Even supporters of official data recognize offshore books as the dominant player.

“The reality is, legalized betting is going to be a late entrant in this market,” said Burton, who is now managing director of Genius Sports, which provides data collection technology and other services to sports leagues.

Laila Mintas, deputy president of Sportradar U.S., said in a statement that among those deals are agreements with the NBA and the NHL “to distribute sports data around the world for betting purposes.” Distribution of data in the NBA deal is strictly limited to legal bookmakers overseas, the league says; the deal does not include U.S. sports betting outlets. The NHL did not respond to a request for comment.

Sportradar said in a statement that it provides data and betting services only to licensed bookmakers. A 2015 investigation by The Times showed how the offshore gambling websites serve a U.S. audience, and found that Sportradar works with one that has been identified in multiple federal gambling investigations.

In regard to the data scouts being ejected from soccer stadiums in Britain, the Sportradar spokesman said that the company “has always been transparent that we collect data from venues in the U.K. and elsewhere,” and that the company believes that the British soccer leagues’ “attempts to prevent us from collecting data” are in violation of British and European antitrust law.

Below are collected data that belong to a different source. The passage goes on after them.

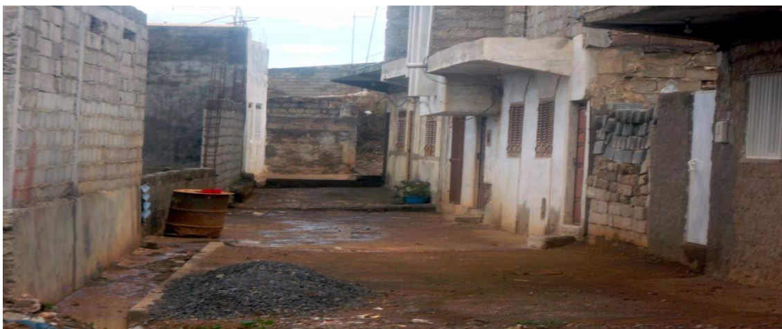
Figura 7: Características de arruamento em Ponta d' Água

problemas das redes viárias que dificultam a ligação do bairro ao resto da cidade em grande medida decorrem da ausência de um planeamento prospetivo e eficaz ao nível espacial e do sistema de transportes, que tem origem no processo expansivo do processo de ocupação de território que referimos atrás.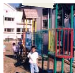
L'ospedale Victor Babes di Bucarest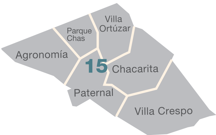
Cuadro 1: Límites Catastrales de los Barrios de Comuna 15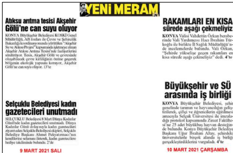
Resim 74: Yeni Meram gazetesi 9,10 Mart 2021, Metin Düzeni ve Sütun Yapısı.

Resim 73'te Yeni Meram gazetesi metin düzeni değerlendirmesinde 5,6,8 Mart 2021 ana kapak sayılarında örneklerde görüldüğü üzere, her iki yana dayalı bloklama şeklinin tercih edildiği görülmektedir.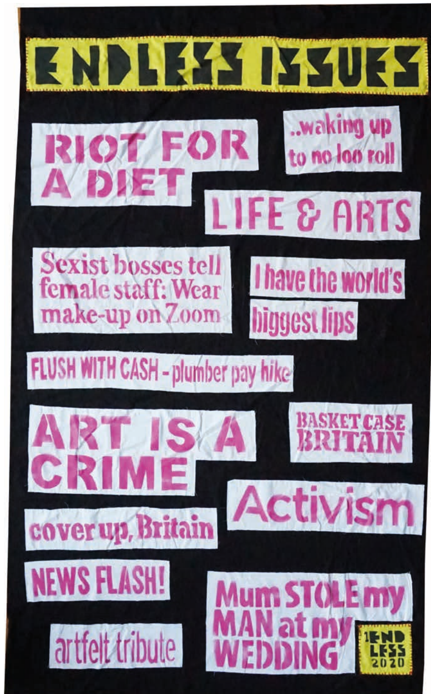
ENDLESS ISSUES 1, 2020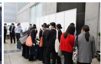
▲UK オリジナル製品を一挙展示した UK コーナーにも、多くの先生や歯科衛生士様、歯科助手様にお越しいただきました。

As to the specific issue of whether U.S. law should mandate the exclusive use of official data, Sportradar’s Mintas came straight down the middle.

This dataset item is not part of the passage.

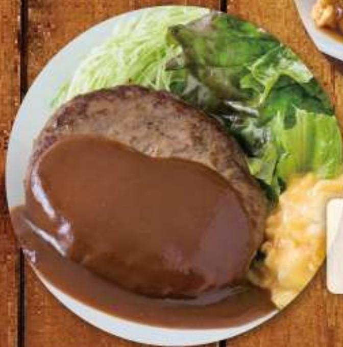
ビーフデミグラス ハンバーグ定食 ¥1,073 (税込 ¥1,180)

“Sportradar uses both unofficial and official data as market dynamics dictate, and we are fully transparent about the way we do business,” she said.

WHO OWNS REAL-TIME DATA?

Some legal experts, like Ryan Rodenberg, an associate professor of sports law at Florida State University, believe that, as with musical recordings and other copyrighted material, courts will find that real-time sports data is owned by those who produce it: the leagues and their players.

Others dismiss that view. Marc Edelman, a professor of law at Baruch College, said he believed that only “pre-scripted” events were subject to copyright — meaning that while professional wrestling performances might qualify, football, basketball and other true competitions would not.

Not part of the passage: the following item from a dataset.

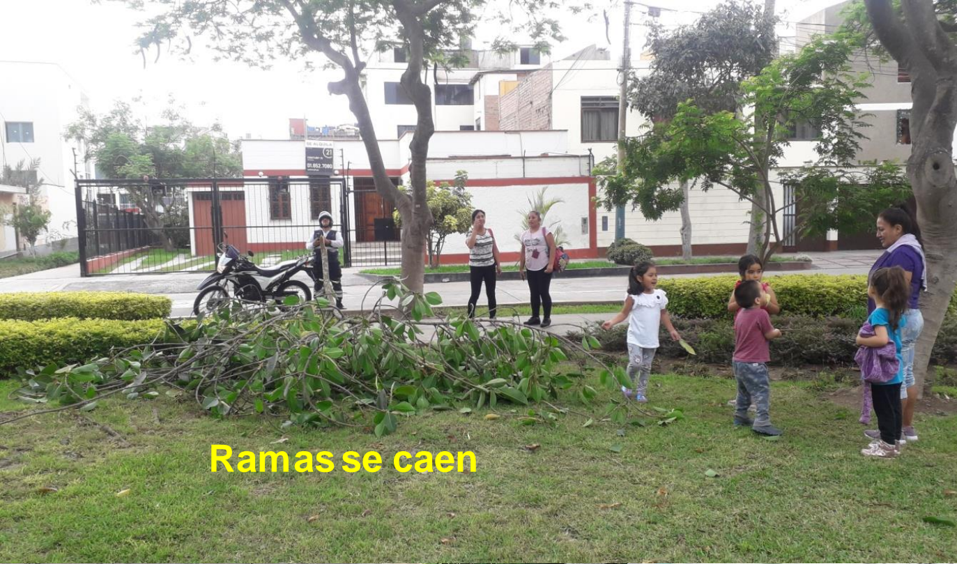
Ramas se caen

There is little question that the leagues riled the gambling industry with their initial proposal for requiring the use of official data and royalty fees, which could have added up to around 20 percent of revenues, said Joe Asher, chief executive of the U.S. arm of William Hill, an international sports betting book.

Several of the leagues initially cast the royalties as an “integrity fee” that would help them pay for things like policing match fixing and point shaving. A legislative mandate for official data “sets up monopoly pricing power,” Asher said. “This whole thing of official league data is like a smoke screen.”

During the past year, at least 17 states have considered new laws on sports betting, including at least six where official data is in play, said James Kilsby, managing director of Gambling Compliance, an independent research service.

For proponents of official data, New York and Pennsylvania are potential bellwethers, Kilsby said.

The proposed New York law would require official data for in-play betting, and mandate what the bill calls a “commercially reasonable” subscription fee for the data. There would also be a royalty fee that all sports betting operators would pay to the leagues.

State regulators are working out details of a law passed in Pennsylvania. Comments sent to those regulators by Major League Baseball, the NBA and the PGA Tour push for official data and raise concerns about the data scouts, also called courtsiders, who could soon be as common in the United States as they are in Britain.

Unofficial data “is often collected by ‘courtsiders,’ who covertly collect data in arenas and stadiums,” the leagues said. “These courtsiders and scrapers operate in the shadows, compromise the legal market, fuel the illegal market and have no vested interest in the integrity of sports.”

Scott Kaufman-Ross, an NBA vice president, said: “For sports betting, official data should be the data that’s used. People are putting money on the line. It’s a real problem if they’re not getting the most accurate, up-to-date information.”